[WHAT YOU WILL DO]
Give back exactly the lines of the data below, starting with the line that has "Terug naar collectie" and going on through the line that has "今日の給食の献立は、煮つけ、".

[RECORDS]
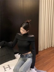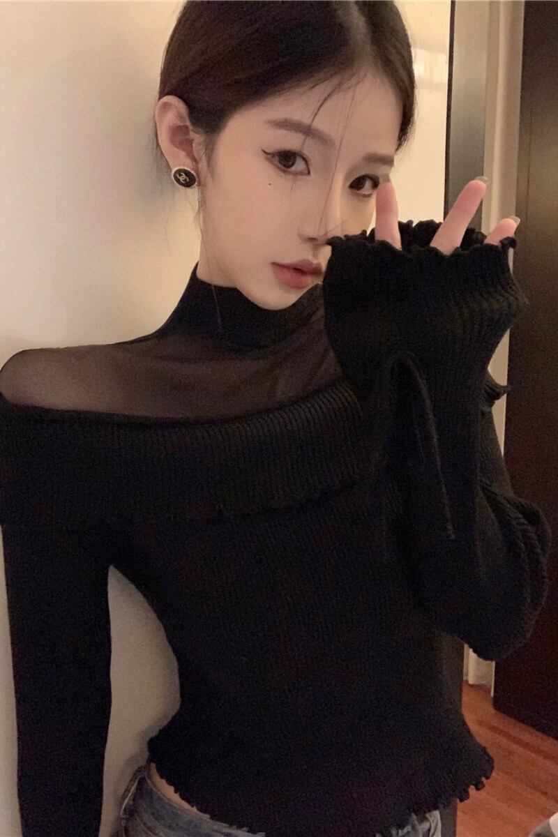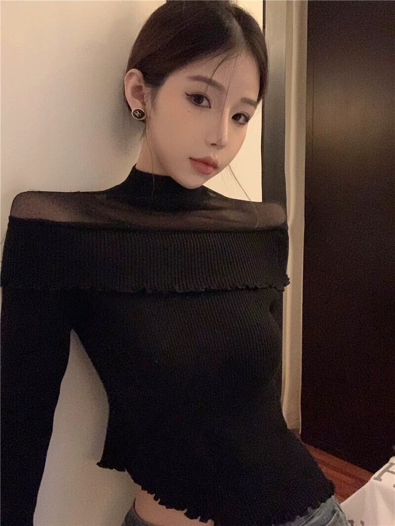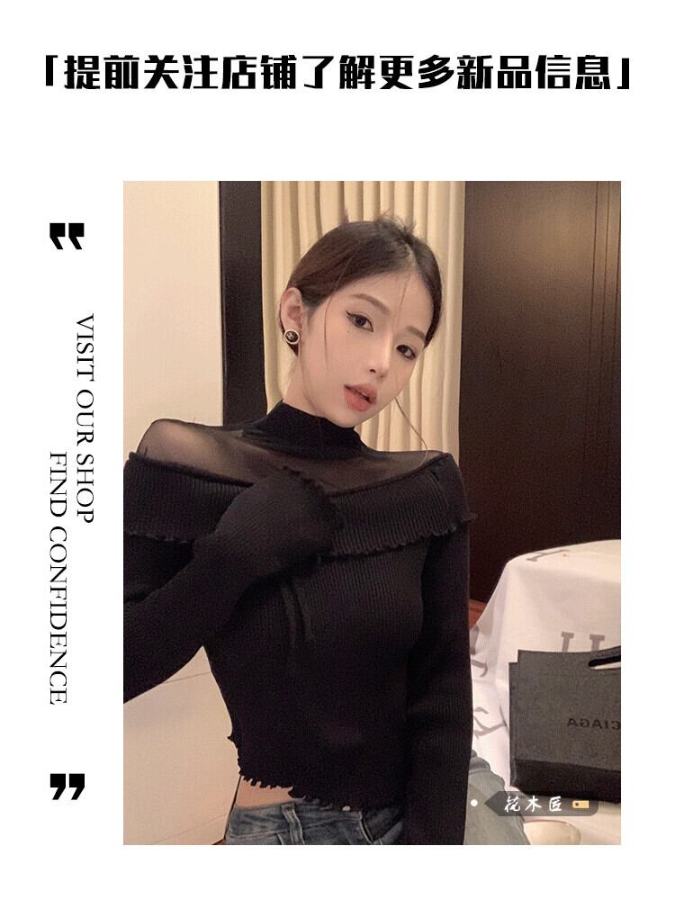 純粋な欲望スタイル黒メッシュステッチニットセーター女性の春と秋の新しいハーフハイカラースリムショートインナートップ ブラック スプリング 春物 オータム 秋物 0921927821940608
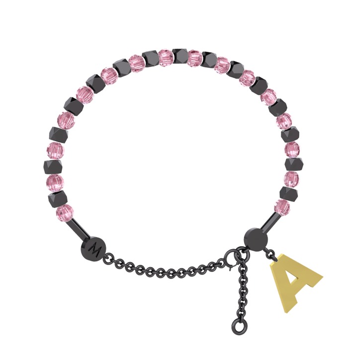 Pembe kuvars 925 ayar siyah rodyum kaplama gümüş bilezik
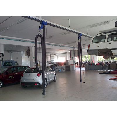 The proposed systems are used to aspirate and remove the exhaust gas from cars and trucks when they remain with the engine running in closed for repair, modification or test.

...

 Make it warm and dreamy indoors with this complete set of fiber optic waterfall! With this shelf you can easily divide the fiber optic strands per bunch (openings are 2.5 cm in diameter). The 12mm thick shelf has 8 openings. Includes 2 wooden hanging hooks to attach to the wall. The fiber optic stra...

* * *

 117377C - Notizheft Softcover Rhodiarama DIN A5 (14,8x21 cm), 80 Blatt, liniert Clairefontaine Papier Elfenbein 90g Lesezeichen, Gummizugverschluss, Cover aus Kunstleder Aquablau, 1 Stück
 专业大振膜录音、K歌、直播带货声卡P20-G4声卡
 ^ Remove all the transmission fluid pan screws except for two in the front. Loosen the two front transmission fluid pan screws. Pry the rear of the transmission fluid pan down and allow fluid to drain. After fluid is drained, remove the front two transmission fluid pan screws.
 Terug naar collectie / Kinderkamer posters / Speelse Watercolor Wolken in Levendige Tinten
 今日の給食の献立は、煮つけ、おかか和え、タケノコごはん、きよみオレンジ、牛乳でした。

[TASK RESULT]
 Terug naar collectie / Kinderkamer posters / Speelse Watercolor Wolken in Levendige Tinten
 今日の給食の献立は、煮つけ、おかか和え、タケノコごはん、きよみオレンジ、牛乳でした。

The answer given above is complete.